Some recipes call for a strawberry syrup that can be made using strawberries, vanilla extract, sugar, and water. Some strawberry cocktail recipes do not call for a syrup, but rely on puréed strawberries to play that part.

Strawberries are often mixed with basil. Strawberry is popular in smashes since after the beverage has been drunk, the alcohol-infused strawberries can be consumed as well.

- Champagne bowler (Cognac, white wine, sparkling wine, simple syrup, strawberries)
- Cherub's cup (vodka, St.

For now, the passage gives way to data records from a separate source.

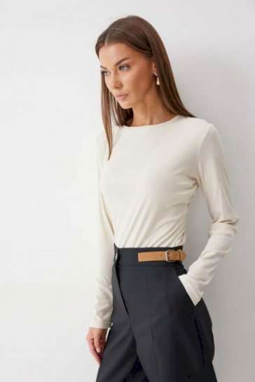 Джемпер прилегающего силуэта из трикотажного полотна. Горловина-лодочка. Рукав втачной удлиненный. Подходит на рост 164-170 см. Длина изделия (44-48р – 58см),(50-54р - 60,5см). Длина рукава 63см.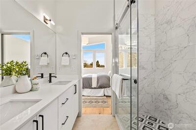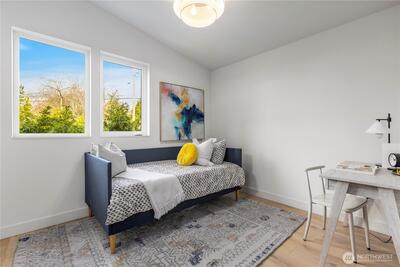 Set on one of Magnolia’s most desirable streets, this DADU by Madrow Homes makes an immediate impression. Soaring 9-foot ceilings, wide-plank oak flooring, and a fluid, thoughtfully designed layout create a sense of ease and intention throughout. At its heart, the kitchen anchors the home as both focal point and gathering space, appointed with custom cabinetry and professional-grade appliances, including Bosch and Fisher Paykal. Living and dining areas extend seamlessly from this central hub, while a nearby bonus room with separate entrance offers versatility for a home office, reading lounge, or private retreat. A main-level powder room adds everyday convenience with a refined touch. Upstairs, two spacious bedrooms offer comfort and privacy. The primary suite blends calm with water views, features a spa-inspired ensuite bath with heated floors and curated finishes that elevate daily routines. A second full bath serves the additional bedroom with equal attention to detail. A dedicate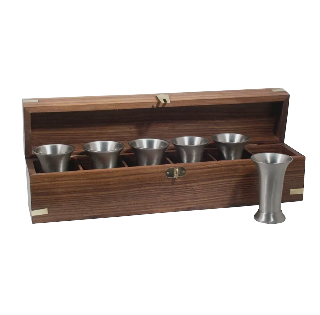 These six pewter plated beakers are neatly arranged in a 12" wooden box with brass inlay. Beakers are 2-3/4" tall.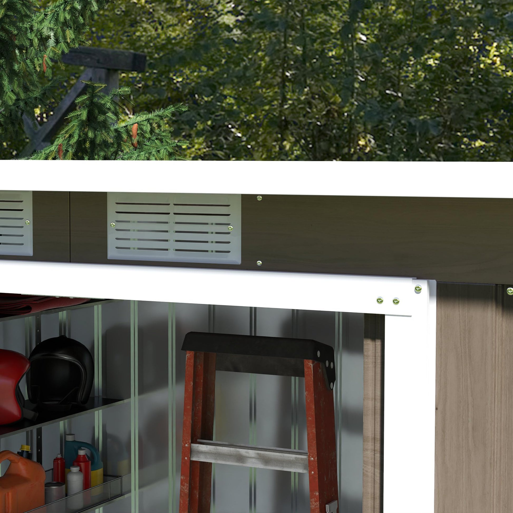 Outsunny 9ft x 4ft Metal Garden Shed, Outdoor Tool House with Foundation Kit, Ventilations and Double Doors, Light Grey Wood Grain

Germain elderflower liqueur, brut rosé sparkling wine, lemon juice, simple syrup, strawberry)
- Christmas Jones (vodka, sugar, pineapple juice, lemon-lime soda, strawberries)

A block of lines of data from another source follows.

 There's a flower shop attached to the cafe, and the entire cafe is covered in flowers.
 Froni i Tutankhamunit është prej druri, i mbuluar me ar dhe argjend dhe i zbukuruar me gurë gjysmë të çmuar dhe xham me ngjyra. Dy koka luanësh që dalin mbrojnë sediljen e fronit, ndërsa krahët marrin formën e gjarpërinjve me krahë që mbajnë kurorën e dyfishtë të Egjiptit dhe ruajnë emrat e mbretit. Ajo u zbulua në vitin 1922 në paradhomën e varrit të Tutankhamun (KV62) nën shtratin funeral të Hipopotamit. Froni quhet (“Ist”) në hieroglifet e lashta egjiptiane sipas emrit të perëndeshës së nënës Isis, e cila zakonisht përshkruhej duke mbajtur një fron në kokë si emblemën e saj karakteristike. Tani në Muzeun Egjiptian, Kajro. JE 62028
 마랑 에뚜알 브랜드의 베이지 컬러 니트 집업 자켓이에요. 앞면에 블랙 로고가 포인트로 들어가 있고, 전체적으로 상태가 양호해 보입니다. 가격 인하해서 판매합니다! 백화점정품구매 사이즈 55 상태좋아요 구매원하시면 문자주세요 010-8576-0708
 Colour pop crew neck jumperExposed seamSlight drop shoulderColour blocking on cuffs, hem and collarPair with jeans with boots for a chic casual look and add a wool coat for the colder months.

- Fresh strawberry and lime Tom Collins (gin, lime juice, club soda, agave, strawberries)
- Kentucky kiss (Maker's Mark bourbon, lemon juice, maple syrup, club soda, strawberries)
- Strawberry beer margarita (tequila, Corona beer, limeade concentrate, lemon lime soda, strawberries)

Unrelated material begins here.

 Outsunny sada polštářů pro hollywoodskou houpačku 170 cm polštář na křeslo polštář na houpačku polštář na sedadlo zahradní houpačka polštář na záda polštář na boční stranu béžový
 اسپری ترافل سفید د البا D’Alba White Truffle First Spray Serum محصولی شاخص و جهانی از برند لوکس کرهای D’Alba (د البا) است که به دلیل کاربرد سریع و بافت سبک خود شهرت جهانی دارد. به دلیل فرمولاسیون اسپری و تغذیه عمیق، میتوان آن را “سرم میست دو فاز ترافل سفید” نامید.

- Strawberry berryoska (Russian standard vodka, lemonade, strawberries)
- Strawberry gin and tonic (gin, lime juice, orange bitters, tonic water, strawberry syrup)
- Strawberry gin smash (gin, strawberries, sugar, lime juice, elderflower liquor, club soda, mint sprigs)
- Strawberry mint sparkling limeade (Champagne, mint leaves, lime juice, honey)
- Strawberry pom mojito (white rum, mint leaves, lime juice, pomegranate juice, club soda or lime soda, strawberries)
- Strawberry rose gin fizz (gin, sugar, rose water, salt, club soda, strawberries)
- Strawberry smash (vodka, basil leaves, lemon juice, honey, club soda, strawberries)
- Strawberry whiskey lemonade (whiskey, lemon juice, strawberry syrup)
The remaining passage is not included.